Panduan Mendekati Gebetan

diffean k.a
Chapter #4

Tips 2: Jadilan Penguntit Bagian 2

Mengerjakan soal Matematika yang seabrek bukanlah keahlian Raldi. Cowok itu tidak sepintar Ditto ketika menyelesaikan mata pelajaran eksakta. Otaknya tidak pernah sejalan dengan rumus-rumus dan angka, tetapi, sosio-humaniora.

Mendengus bosan, Raldi diam-diam mengeluarkan buku tentang gagasan kebahagiaan manusia menurut Abraham Maslow dari dalam tas. Menyalipkan buku tersebut di paket Matematika, lalu tenggelam dalam koleksi buku barunya tersebut.

Hal lumrah yang sering dilakukan Raldito Wiratama tanpa sepengatahuan orang lain, omong-omong. Membaca buku lain di tengah jam pelajaran Matematika. Dari luar, pemuda tersebut terlihat tekun membaca buku paket Matematika, tetapi realitanya tidak.

"Apa yang kamu pikirkan ketika membaca piramida kebahagiaan manusia menurut Abraham Maslow?" tanya Gistav---teman sebangku Raldi---lirih.

"Nggak tau kenapa, Gis, baca buku ini aku jadi teringat penduduk di Indonesia dari segi aktualisasi," bisik Raldi tanpa melepaskan tatapan matanya pada buku tersebut.

"Kenapa? Kamu tertarik?"

"Yep. Aku selalu tertarik dengan gagasan dan teori para ahli. Termasuk piramida kebahagiaan manusia oleh Abraham Maslow. Menurutku, potensi mengaktualisasikan diri belum teroptimalkan di sini," jeda sejenak, cowok itu melirik Pak Idham yang masih sibuk menjelaskan fungsi kuadrat, "Akhirnya, SDM-nya kurang mampu memotivasi dan metamovasi diri untuk memajukan masyarakat. Hal itu bisa kamu temui di PEMILU. Liat aja tinggi banget angka GOLPUT."

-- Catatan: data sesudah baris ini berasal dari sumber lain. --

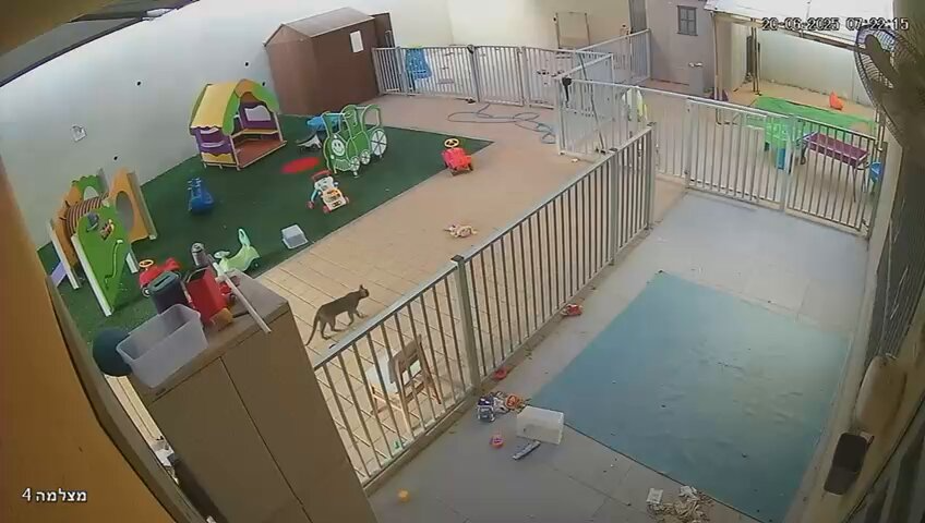Video shows explosion of daycare center - to me it seems like it's AI generated as the image right before the explosion changes, and the cat disappears.
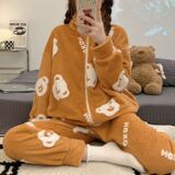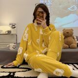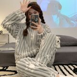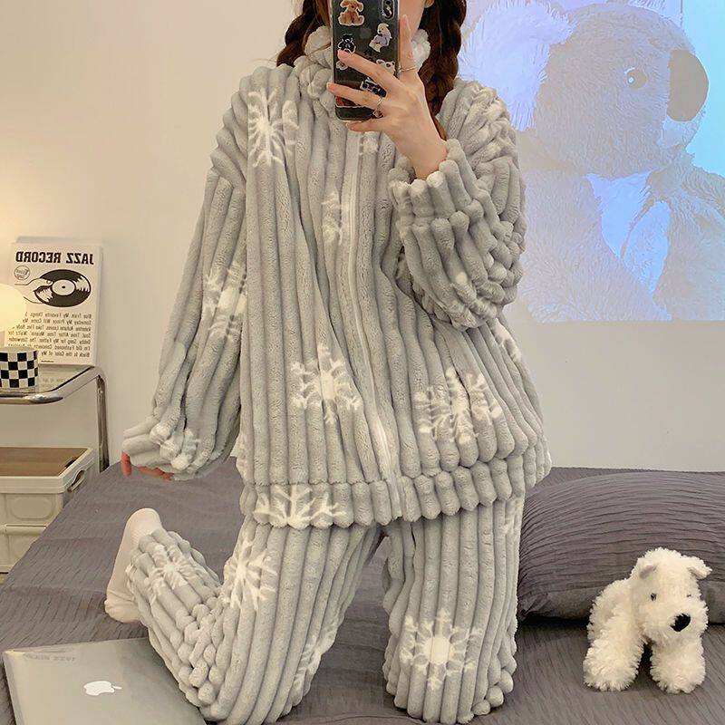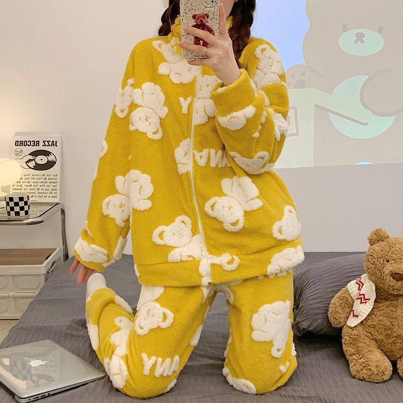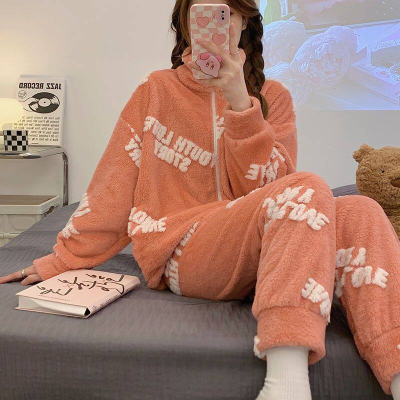Коралловая бархатная пижама, утепленные джинсы с начесом с молнией, комплект для школьников и студентов, коллекция 2023

Gistav menyengir. "Skeptisme, haha."

Raldi mengangguk singkat. Lalu, mendekatkan buku tersebut ke meja Gistav. Seakan mengajaknya untuk berdiskusi.

Gistav tersenyum. Kemudian, gadis berparas memikat itu berbisik pada Raldi. "Kamu harus baca gagasan kebahagiaan dari sudut pandang lain. Maramis, semisal."

Raldi mengangguk spontan. Ide cemerlang. "Tentu," sahutnya seraya mengulum senyum tipis.

Sementara itu, diam-diam, tanpa kedua insan tersebut sadari, seorang gadis berambut sebahu tengah berdiri pias di dekat jendela kelas XII IPS 1.

Sorot mata gadis tersebut menangkap jelas keakraban gebetannya dengan gadis cantik yang ia ketahui usut punya usut bernama Gistavia sebagai anak baru di SMA Dharma Bhakti beberapa minggu yang lalu.

Tiba-tiba, hatinya berdesir. Nyeri.

Ini bukan kali pertama. Dia sudah terbiasa dengan torehan luka. Bahkan, bersahabat dengan luka.